We'll use the ray j->k.

First, we do the z axis of the {x,y,z} -> {a,b,c} transformation.

$\begin{matrix} j'_z & = & R_{z,x} j_x + R_{z,y} j_y + R_{z,z} j_z + R_{z,w} \\ k'_z & = & R_{z,x} k_x + R_{z,y} k_y + R_{z,z} k_z + R_{z,w} \end{matrix}$

If j'z and k'z are the same sign, then the ray does not intersect with the triangle, and we can go home.

If both are zero, which is statistically very unlikely, we can probably go home.

If they are of opposite sign, or one of them is zero, then the ray might intersect with the triangle, and we must continue.

We then do the x axis.

We calculate the x value of the point of intersection:

$i'_x = j'_x + j'_z {k'_x - j'_x \over j'_z - k'_z}$

If i'x is over 1 or under 0, then the ray does not intersect with the triangle. Otherwise, we do the same with the y axis.
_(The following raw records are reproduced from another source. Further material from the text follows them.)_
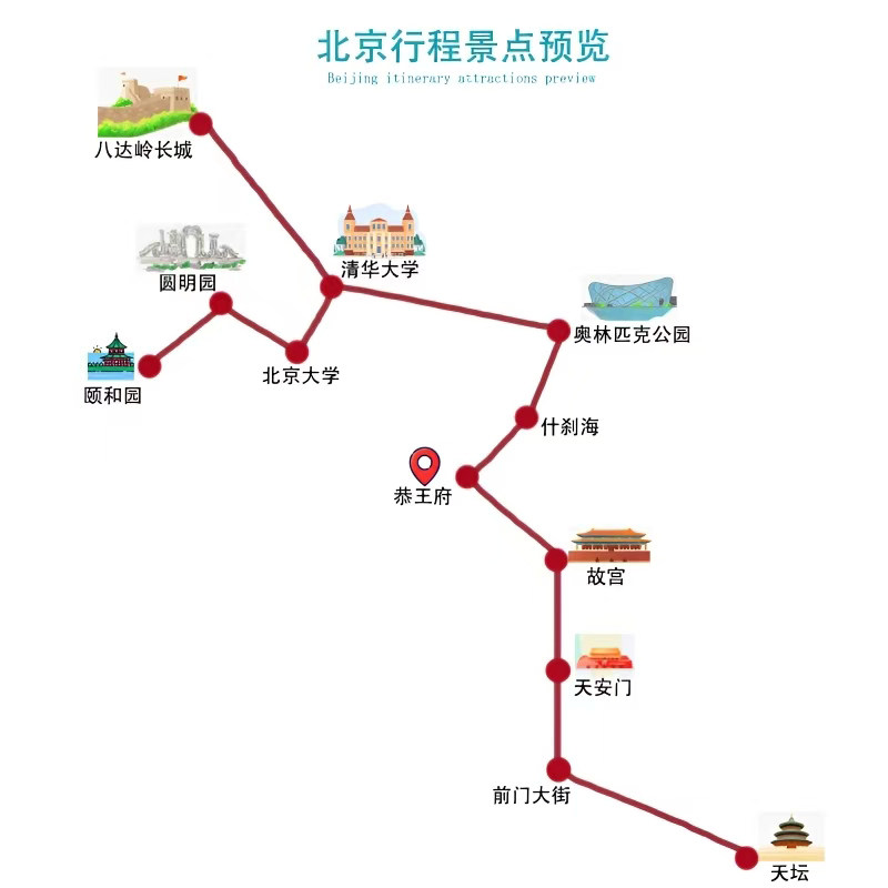 行程精心串联北京最具代表性的历史古建与文化地标——从紫禁城的皇家气韵到天坛的祭祀礼制,从颐和园的园林艺术到八达岭长城的雄浑壮阔,全方位满足人文旅行爱好者对古都文明的探索欲。出差之余,亦是一场精神层面的深度滋养。
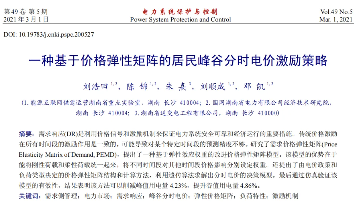 一种基于价格弹性矩阵的居民峰谷分时电价激励策略研究文档
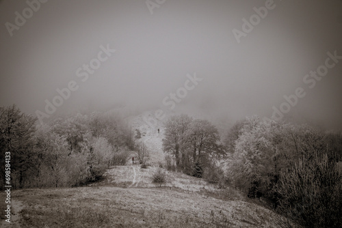 © fluidni, Obraz premium Pristine snow blankets rugged terrain.
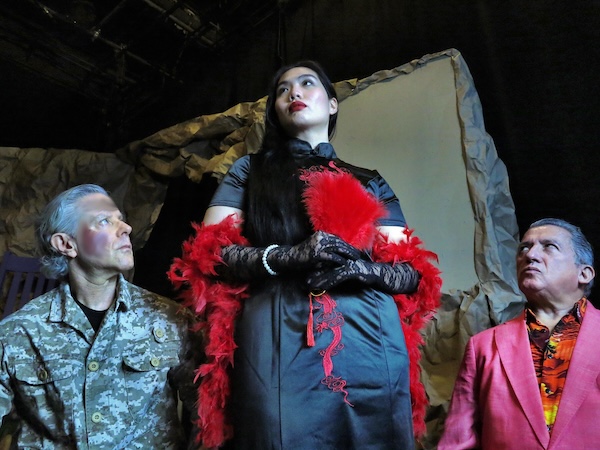 (l) Joseph Patrick Marshall as Sal B. (c) Napaht Na Nongkhai as Mme. Chang (r) George Lugo as Sy in the Great America Play Series staging of The Story of Sal B. and Barbranne: A Mob Fantasia (Cyrano Redux). Photo: Jonathan Slaff.
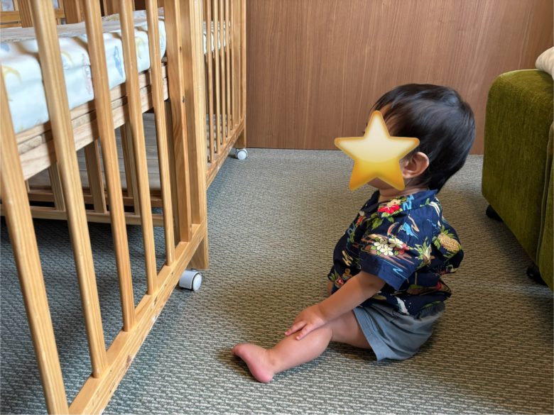 ホテルの部屋といえば土足が一般的ですが、まだ歩けない0歳児がいると「どこで遊ばせよう…」と悩みますよね。

If i'y is over 1 or under 0, or i'x + i'y is over 1, then the ray does not intersect with the triangle, and we can go home.

If we have reached this point, then we have found an intersection between the ray and the triangle.
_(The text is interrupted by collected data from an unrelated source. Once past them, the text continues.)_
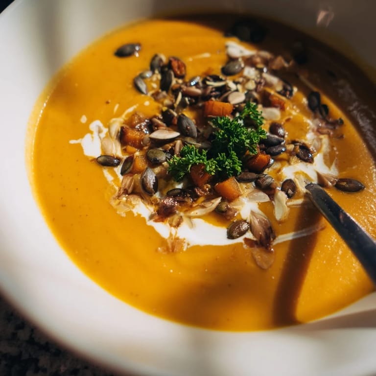 Kürbis ist reich an Vitaminen und Ballaststoffen, die diese Suppe zu einer nahrhaften Mahlzeit machen.
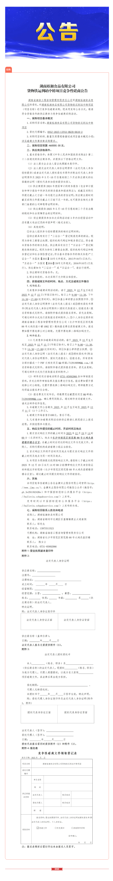 湖南裕湘食品有限公司货物铁运到站中转项目竞争性磋商公告
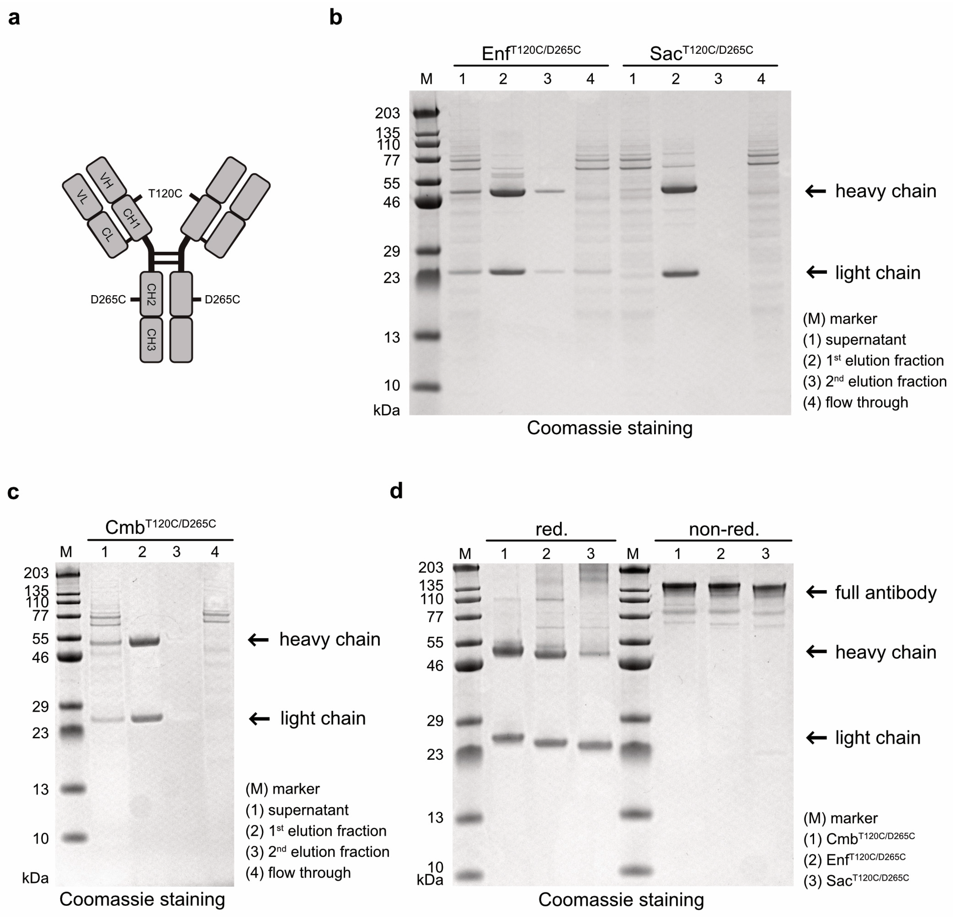 T120T/D265C were analyzed by SDS-PAGE. All antibodies were detected in the first elution fraction (
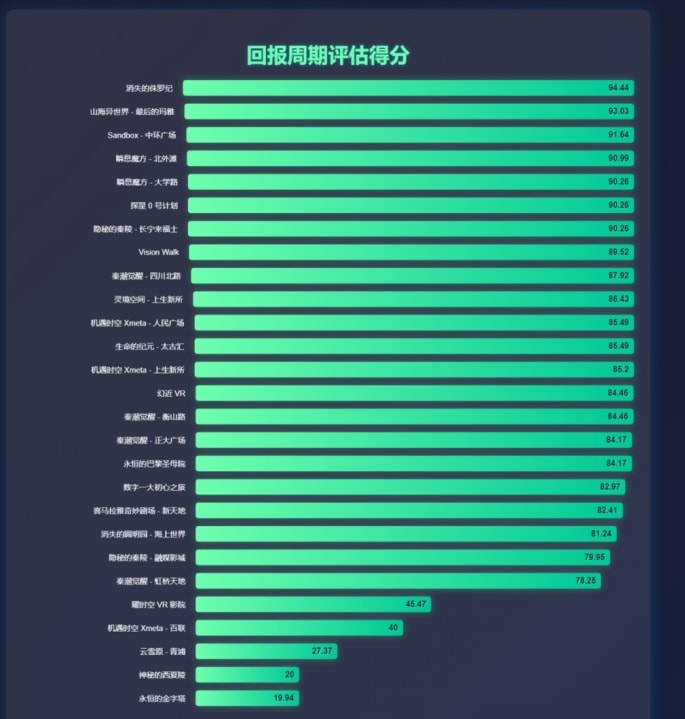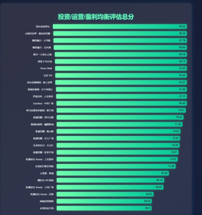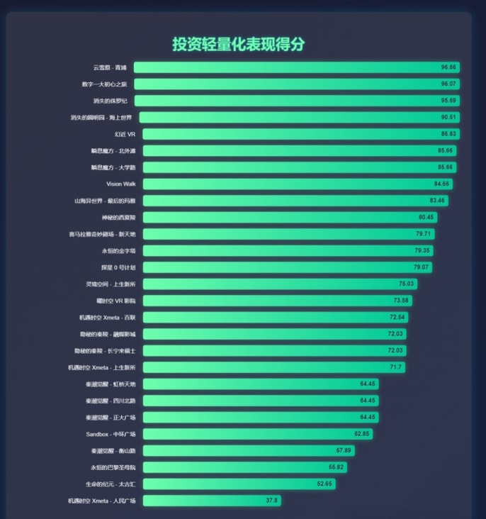 综合评分是各部分评分的平均值,综合了投资轻量化、运营轻量化、盈利能力和回报周期的得分,粗略地展现了各项目在多个维度的整体表现。另外,需要注意的是,由于本次评估体系中对轻量化的投资、轻量化运营、回收周期等的评估项较多,因此轻量化的项目将在总的均衡性打分上显得更加优秀,而较大的大空间VR项目则有可能在打分上更吃亏一些,这是阅读者需要注意的。
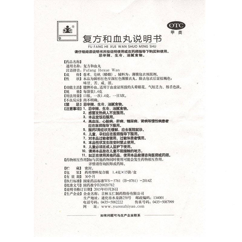 - 商品名称:玉仁 复方和血丸 1.4g*15袋/盒
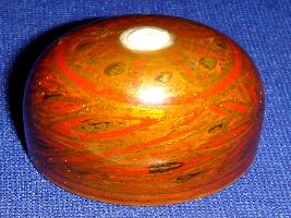 | Description / विवरण | Wooden dome shaped dice, painted with lacquer paint, having floral designs, with a circular base of yellow colour. At the top of dice there is a tiny ivory fitting. |
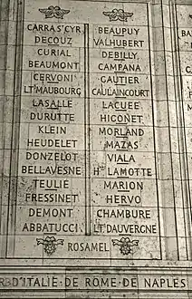 أسماء منقوشة تحت قوس النصر بباريس | |
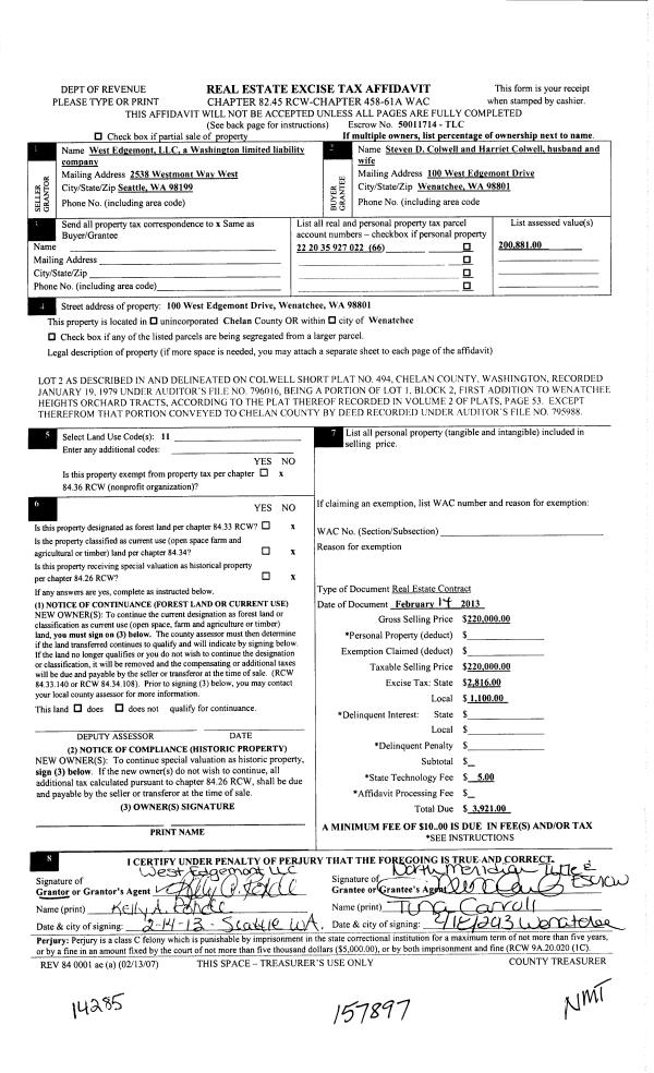 | 9 | 02/14/2013 | C | Real Estate Contract | WEST EDGEMONT LLC | COLWELL STEVEN D & HARRIET | | | $220,000.00 | 157897 | 2377205 |
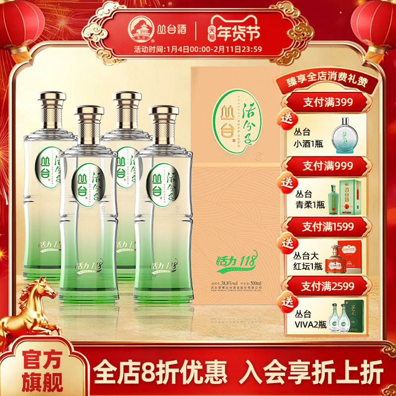 【年货节】丛台活力118活分子酒38.8度白酒浓香型酒4瓶整箱礼盒装
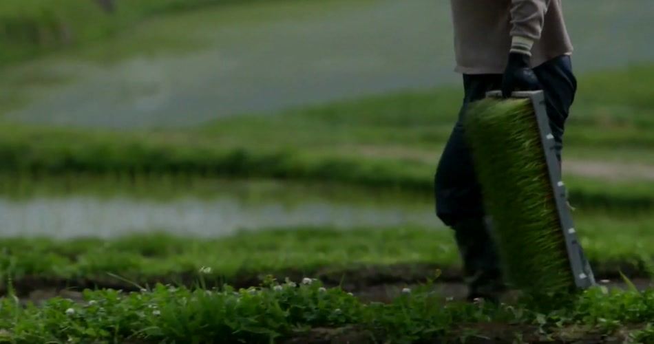 梯田美景机械插秧农业秧苗

Here's some code to do this:

 double *collide (double **R, double *j, double *k){ 

 double J[3], K[3]; static double i[2]; J[2] = R[2][0] * j[0] + R[2][1] * j[1] + R[2][2] * j[2] + R[2][3]; K[2] = R[2][0] * k[0] + R[2][1] * k[1] + R[2][2] * k[2] + R[2][3]; if (J[2] * K[2] >= 0){ return NULL; } J[0] = R[0][0] * j[0] + R[0][1] * j[1] + R[0][2] * j[2] + R[0][3]; K[0] = R[0][0] * k[0] + R[0][1] * k[1] + R[0][2] * k[2] + R[0][3]; i[0] = J[0] + J[2] * ((K[0] - J[0]) / (J[2] - K[2])); if (i[0] < 0 || i[0] > 1){ return NULL; } J[1] = R[1][0] * j[0] + R[1][1] * j[1] + R[1][2] * j[2] + R[1][3]; K[1] = R[1][0] * k[0] + R[1][1] * k[1] + R[1][2] * k[2] + R[1][3]; i[1] = J[1] + J[2] * ((K[1] - J[1]) / (J[2] - K[2])); if (i[1] < 0 || i[1] > 1 || i[0] + i[1] > 1){ return NULL; } return i; 

} 

If we wanted to, we could use i'x and i'y to do further detection - e.g. if we have a texture that has holes in it, we could determine whether the ray passes through one of those holes.